#### [What is expected]
Reproduce the whole listing exactly, omitting any picture it holds.

--- Recorded data ---

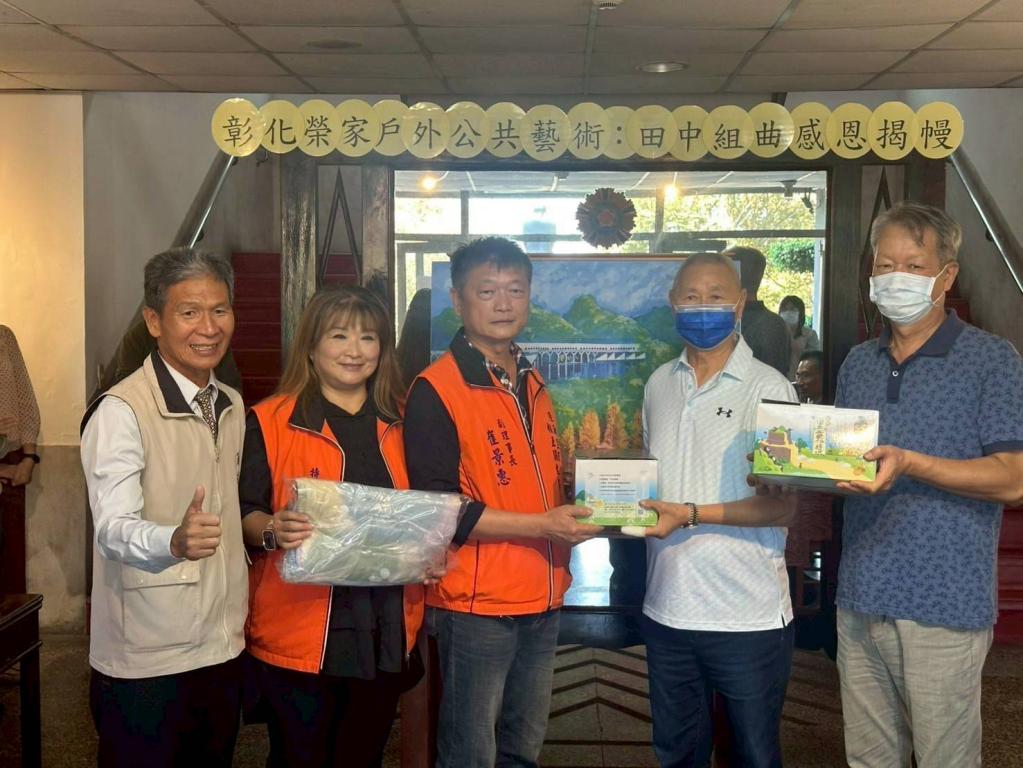 【勁報/彰化報導】彰化榮家2日為戶外公共藝術彩繪畫作「田中組曲」隆重舉辦感恩揭幔儀式,感謝熱心繪製作者,也是彰化傑出畫家曾永錫老師,及慷慨捐助經費住民林文照。
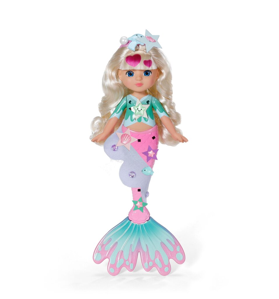 Sirena Sparkle adoră să schimbe și să se joace cu culorile. De la cap până la aripioară, poate fi pieptănată, decorată și decorată după propriul stil. Cu accesoriile textile incluse, decorațiunile colorate cu prindere rapidă și un animal drăguț cu aripioară detașabilă, se creează de fiecare dată look-uri noi.
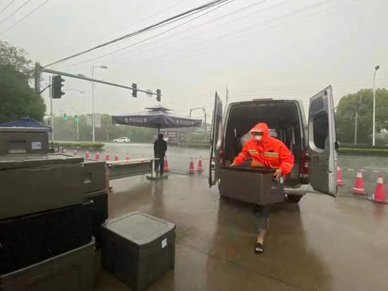 “飯送到了,接收!”5月2日下午約5點,上海松江九亭鎮九新公路集中隔離收治點,四名志愿者忙碌起來,每頓搬運300多套餐食,對管理保障組的7位退役軍人來說,這是他們的日常。
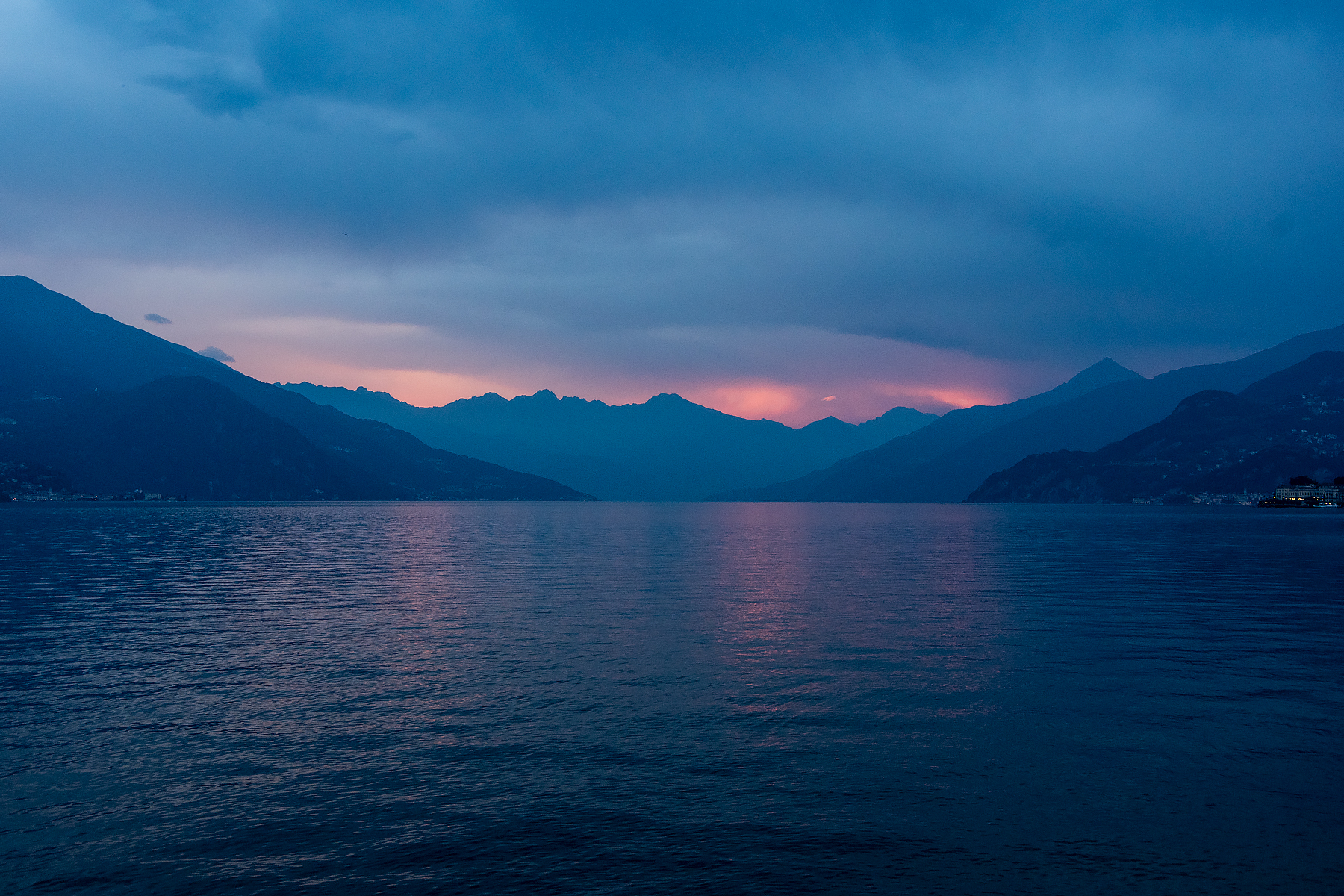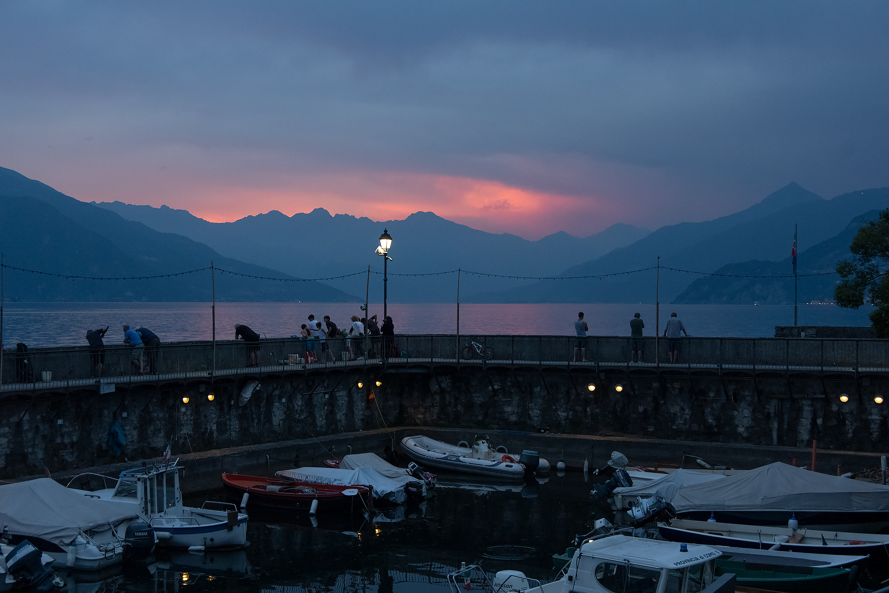 ABOVE: The view from our balcony.There was a highly rated trattoria near to our place that didn't open until 7.00pm. We got there at 9.03pm and were told the kitchen had closed! A fitting end to our day. We came back to our place and snacked on salami, mortadella, olives and cheese that we had bought at at supermarket nearby. The photo BELOW is of the sunset over Lake Como.

---

#### [Result for this exercise]
 【勁報/彰化報導】彰化榮家2日為戶外公共藝術彩繪畫作「田中組曲」隆重舉辦感恩揭幔儀式,感謝熱心繪製作者,也是彰化傑出畫家曾永錫老師,及慷慨捐助經費住民林文照。
 Sirena Sparkle adoră să schimbe și să se joace cu culorile. De la cap până la aripioară, poate fi pieptănată, decorată și decorată după propriul stil. Cu accesoriile textile incluse, decorațiunile colorate cu prindere rapidă și un animal drăguț cu aripioară detașabilă, se creează de fiecare dată look-uri noi.
 “飯送到了,接收!”5月2日下午約5點,上海松江九亭鎮九新公路集中隔離收治點,四名志愿者忙碌起來,每頓搬運300多套餐食,對管理保障組的7位退役軍人來說,這是他們的日常。
 ABOVE: The view from our balcony.There was a highly rated trattoria near to our place that didn't open until 7.00pm. We got there at 9.03pm and were told the kitchen had closed! A fitting end to our day. We came back to our place and snacked on salami, mortadella, olives and cheese that we had bought at at supermarket nearby. The photo BELOW is of the sunset over Lake Como.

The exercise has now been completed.